On 10/29/24 11:51, Wilco Dijkstra wrote:
> Hi Vineet,
>> I agree the NARROW/WIDE stuff is obfuscating things in technicalities.
> Is there evidence this change would make things significantly worse for
> some targets? 

Honestly I don't think this needs to be behind any toggle or made optional at 
all. The old algorithm was overly eager in spilling. But per last
discussion with Richard [1] at least back in 2012 for some in-order arm32 core 
this was better. And also that's where the wide vs. narrow discussions
came up and that it really mattered, as far as I understood.

[1] https://gcc.gnu.org/pipermail/gcc-patches/2024-August/659847.html

> I did a few runs on Neoverse V2 with various options and
> it looks beneficial both for integer and FP. On the example and options
> you mentioned I got 20.1% speedup!
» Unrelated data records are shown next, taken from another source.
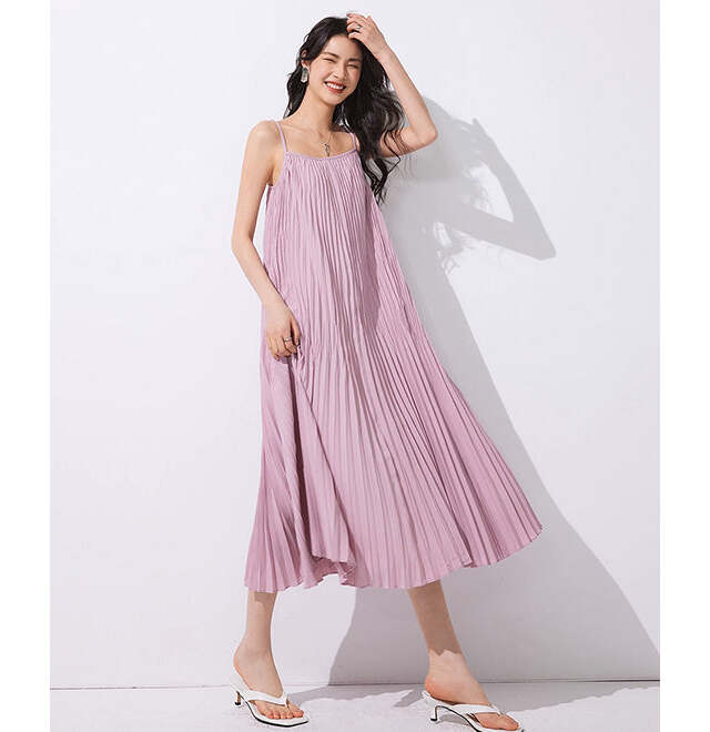 ガーリー好みさんは、可愛すぎない絶妙なトーンのピンクワンピをチョイスしてみて。細やかなプリーツが立体感を生み、上品さを演出!肌見せを控えたいときは白Tをインナーに、足元はハイトップスニーカーで。上品ワンピとのギャップが今っぽいバランスに。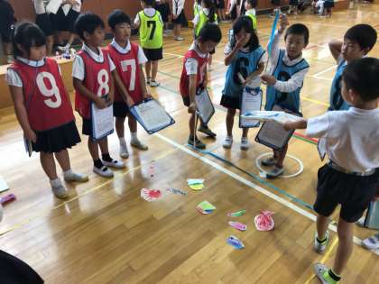 今日の1・2時間目に生活科「うごくうごくわたしのおもちゃ」を使ったおもちゃパーティーを開催しました。何時間もかけて準備を重ねたおもちゃ屋さんはどれも趣向を凝らしたものになっていました。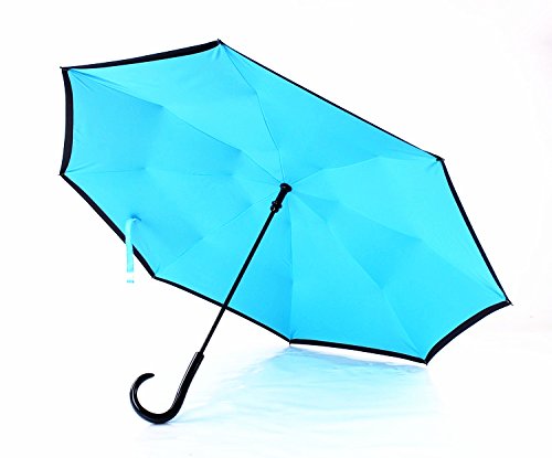 Ombrello invertito, double face, a doppio strato, impermeabile, anti-vento, facile da trasportare, dimensioni da ombrello da golf, di alta qualità, ombrello da viaggio con gancio per auto, Blue 1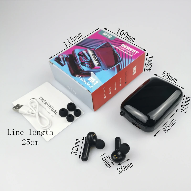 اگر به دنبال هدفون بیسیم جمعوجور هستید، M19 NEWEST یکی از گزینههایتان است. این مدل برخلاف ایرپاد بهصورت کامل در گوشتان قرار میگیرد. این محصول دارای محفظه با ابعاد استانداردی است و بهآسانی در جیب و کیفتان جای میگیرد. محفظه شارژ مجهز به باتری قدرتمند 3500mAh است که تا ساعت ها میتوانید از آن استفاده کنید یا به عنوان پاوربانک برای شارژ گوشی بهره ببرید. همچنین این محفظه دارای نشانگر LED زیبا برای نمایش میزان شارژ محفظه و هریک از گوشی هاست. اتصال این هدفون به گوشی از طریق بلوتوث امکانپذیر است. برای این محصول بلوتوث نسخه 5 تعبیهشده تا برقراری ارتباط کیفیت بالایی داشته باشد.فاصله اتصال 10 متری ، عملکرد پایدار ، انتقال زیاد ، مصرف کم و سازگاری قوی را به شما اراءه میدهد. اگر قصد دارید از این مدل بدون محفظه استفاده کنید، تا 4 ساعت این محصول قابلیت پخش موسیقی را به شما میدهد. در صورت استفاده از محفظه شارژ این میزان تا 12 ساعت افزایش مییابد. زمان مکالمه 4 الی 6 ساعت و زمان شارژ محفظه 1.5 ساعت می باشد. این هدفون دارای استاندارد IPX-7 بالاترین سطح ضد آب بودن است. استفاده از فناوری کاهش صدای دیجیتال.از لحاظ ارگونومیک با طراحی خوب براحتی در گوش قرار میگیرد.

This is a very wide core, so wide
> vs narrow is not the right terminology as the gains are on both.

Would you be able to test this on some inorder core, maybe a 32-bit one
But agree lets just drop the wide vs. narrow terminology and rephrase this in 
terms of spill aggressiveness.

>> How about  TARGET_SCHED_PRESSURE_SPILL_AGGRESSIVE with true (default) being 
>> existing behavior
>> and false being new semantics.
>> Its a bit verbose but I think clear enough.
> Another option may be to treat it like a new type of pressure algorithm, eg.
> --param sched-pressure-algorithm=3 or update one of the existing ones.
> There are already too many features in the scheduler - it would be better
> to reduce the many variants and focus on doing really well on modern cores.

A purist might argue it is not really new algorithm, just a little tweak to 
model algo. But I agree there's a zoo of sched toggles out there so this
might be ok. Anyhow I'm fine either way, whatever is more palatable for the 
community / maintainers. @Jeff what say you.

And while we are at it - I'd prefer the new behavior to be default for all 
targets unless they explicitly opt out (and it would be insightful
understanding those not made up cases). But  given how late we are in the 
release cycle, I think it would be kosher to keep the old behavior for now
and maybe after gcc-15 is released we can flip the switch and deal with any 
potential fallout.

Thanks a bunch for giving this a look.